It should be borne in mind, however, that the dysfunctional aspects of religion relate to institutionalised religion. Instead of strengthening social solidarity, organised religions have served throughout history as divisive forces, encouraging directly and indirectly religious feuds of varying dimensions.

In primitive and traditional societies, religion was all pervasive in the sense that religion ordained everything from birth to cremation or burial. Religion determined the world view of the believers in primitive societies. These characteristics are applicable to religious people in modern societies also, but a subtle difference has crept in: With regard to theology, people are gradually moving away from a mythical interpretation to a more rational one. The “rationalisation of religious, thought is part of a general process of rationalisation of thinking in general.”

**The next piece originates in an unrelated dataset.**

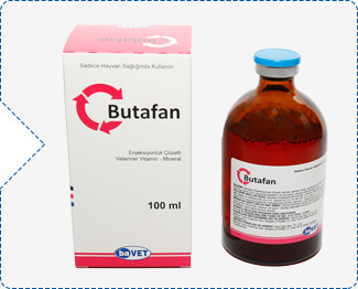 BUTAFAN BİLEŞİMİ Butafan Enjeksiyonluk Çözelti, berrak, pembe renkli, partikülsüz ve steril bir enjeksiyonluk çözelti olup her ml’sinde 100 mg butafosfan, 0.05 mg vitamin B12 (siyanokobalamin) ve koruyucu olarak metil paraben içerir. FARMAKOLOJİK ÖZELLİKLERİ Butafosfan (1-(butylamino)-1-methylethyl-1-) fosfonik asit hedef hayvan türlerinde fosfor kaynağı olarak kullanılan organik bir fosfor bileşiğidir. Siyanokobalamin ise trikarboksilik asit (TCA) siklusunda propionatın süksinil-CoA ya dönüşümü için gerekli olan B12 vitamininin en stabil, sentetik formudur. Butafosfan metabolik aktiviteler için gerekli olan fosfor, siyanokobalamin de vitamin B12 sağlanmasına bağlı olarak etki göstermektedir. Yumuşak dokularda bulunan fosfor, karbonhidrat ve protein metabolizmasında görevlidir. Vitamin B12 ise hemoglobin oluşumu, trikarboksilik asit (TCA) siklusu, DNA sentezi, myelin oluşumu ve korunumu gibi birçok fizyolojik olayda görev alır. Butafan Enjeksiyonluk Çözelti, damar içi uygulamanın ardından hızlı bir şekilde elimine edilir. Butafosfan maksimum serum konsantrasyonuna hızla ulaşır, 24, 48 ve 72 saat sonra ise tespit edilebilir limitlerin altına düşer. İdrar ile hızlı bir şekilde %77’si atılır. Vitamin B12 (siyanokobalamin) farmakokinetiği üzerine yapılan çalışmalar plazmadan hızlıca elimine edildiği ve böbreklerden çıkartıldığını göstermiştir. KULLANIM YERİ / ENDİKASYONLAR Butafan Enjeksiyonluk Çözelti; sığır, at, koyun, keçi, kedi ve köpeklerde fosfor ve vitamin B12 (siyanokobalamin) yetersizliğinden kaynaklanan akut ve kronik metabolizma bozukluklarının korunma ve tedavisinde kullanılır.

Secularisation of culture involved not simply an increase in rationality in the thinking of man but also “a diminution of the sacred” which is often characterised as ‘desacralisation’ of the attitudes towards persons and things. Desacralisation actually means “the withdrawal of the kind of emotional involvement which is to be found in the religious response, in the response to the sacred.” Thus the secularisation of religion means both desacralisation and rationalisation, i.e. religious world-view is no longer the basic frame of reference for thought.

Max Weber’s interpretation of .industrial society provides one of the earliest statements on the disacralisation theme. According to him, the industrial society is characterised by rationalisation and intellectualisation and above all, by the ‘disenchantment of the world’.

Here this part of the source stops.